Seniority is uncorrelated with people management skills. Some junior people are cut out to be great managers, and a great senior person might be better suited as an IC. Rather than pigeonholing senior employees into people management roles, providing them a way to self-select into a “management” vs. “IC” track (even early in a company’s life) enables them to do their best work.
A strong people manager kept in an IC role is a tragic waste. A great individual contributor who becomes a bad people manager can destroy a team (or even company).
This is a fairly widely-accepted view; below are some thoughts on how to set this up.
By the time you start having management layers, you should have decided if each function should have an IC trajectory at your company. In general,
The “creative” / “building” functions like research, engineering, sales, and legal almost certainly should. The very best people in the creative functions are much, much better (the proverbial “10x” employee), and it’s very possible that if they enjoy IC work, they’re far more valuable to the company in that role.
The “intermediating” or coordinating functions like product, growth, corporate development, marketing strategy, etc., *could* have both people management + IC tracks (where senior ICs are facilitating bigger or more important initiatives), or only people management tracks. This is probably unique to each company, based on size of team, culture, and so on.
Well established functions, where the roles are pretty clear cut and the key is more about execution (corporate functions such as customer support, most finance functions, most people ops functions, compliance) most likely don’t need IC tracks ascending to senior levels like band 6 or 8, unless there’s something unique and idiosyncratic about your company.

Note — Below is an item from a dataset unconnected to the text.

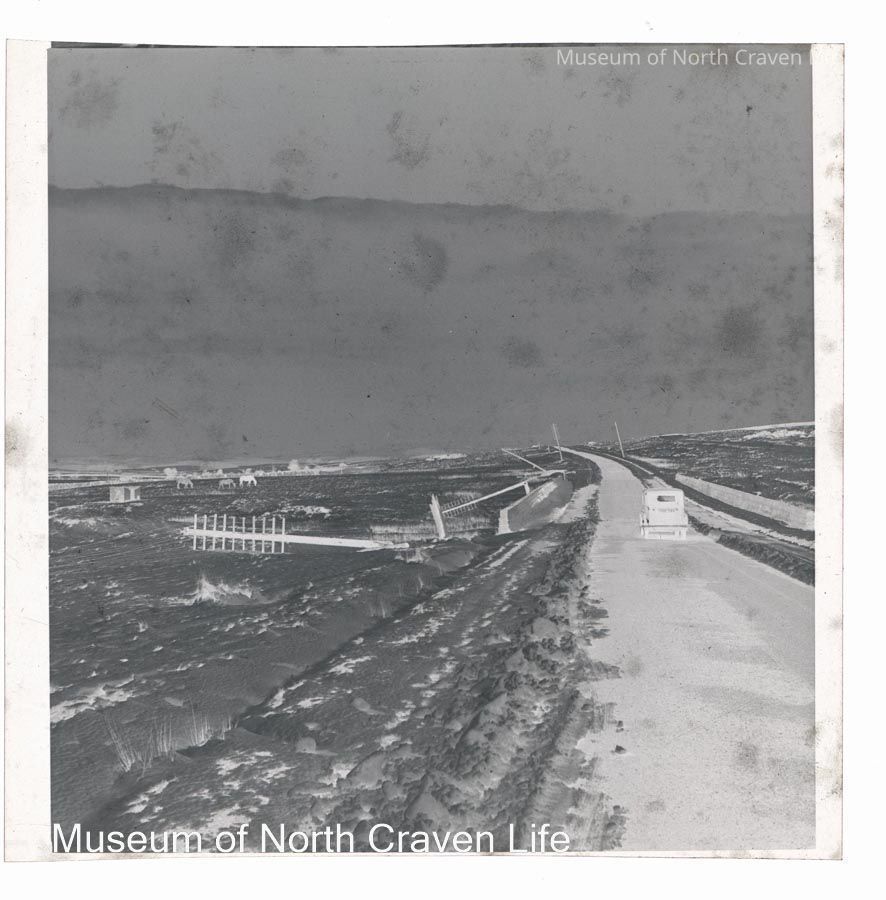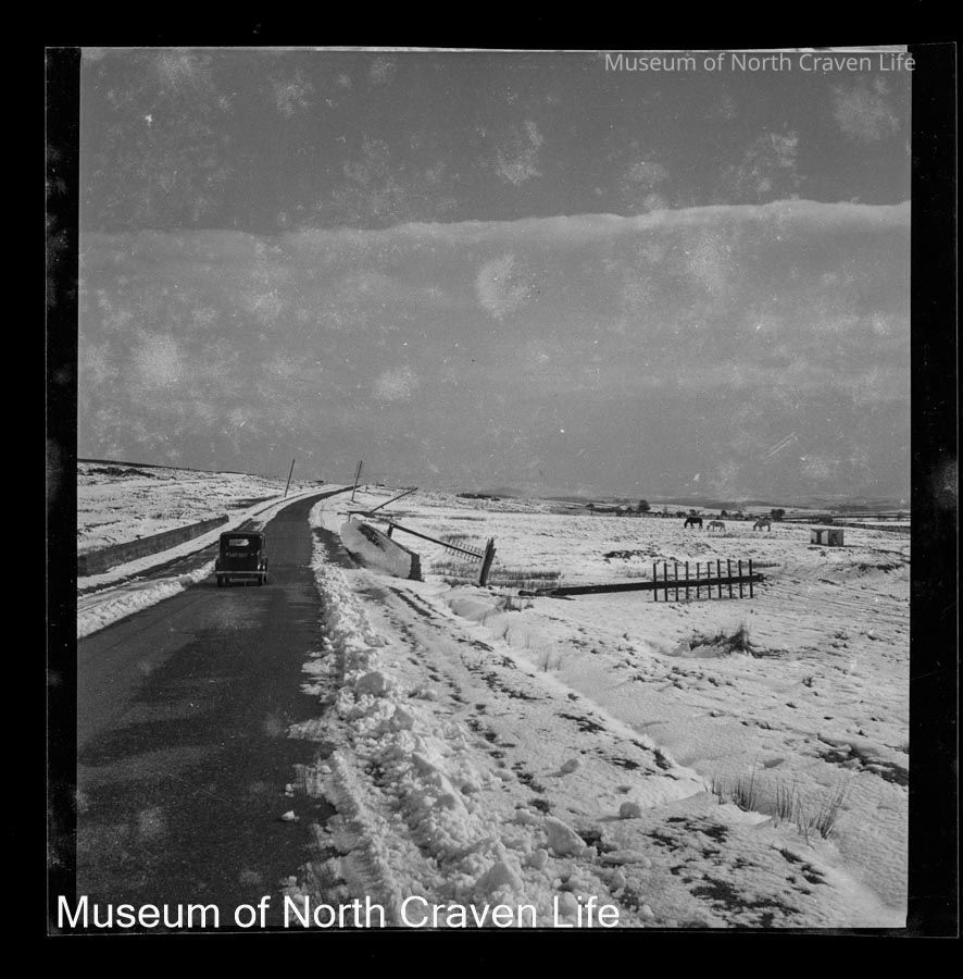A 2 ¼" gelatin silver acetate film negative. A view of Newby Moor in the snow. A car drives down a road flanked with snow drifts ; a number of telegraph poles lie on the ground to the right of the road ; 3 horses graze in the distanceCollection

Two potential pitfalls to watch out for:
Right off the bat, don’t stunt compensation for people who pick the IC track. Move highly talented people rapidly up the bands. It should be entirely achievable for both a very senior / top-notch IC and a VP to be banded at the same level, and make the same fully loaded compensation.
Make sure that senior ICs report to sufficiently senior people managers to avoid political concerns. For example, a senior IC in Band 6 should report to a Band 7 or 8 manager.
Discuss with each hire which track they’re interested in, and hire / groom them accordingly. Refresh this every 6 months and augment the initial information with performance reviews. If an IC gets glowing recommendations for their team spirit and empathy, raise the question of people management. If a manager gets de-energized by meetings and would rather put their head down and crank out work, or receives mixed feedback on their management skills, discuss their interest in being a high-caliber IC instead.
Make sure those who pick the people manager track are actively coached and mentored by excellent people in that track, especially if they have limited prior experience, or if they’re at an inflection / decision point.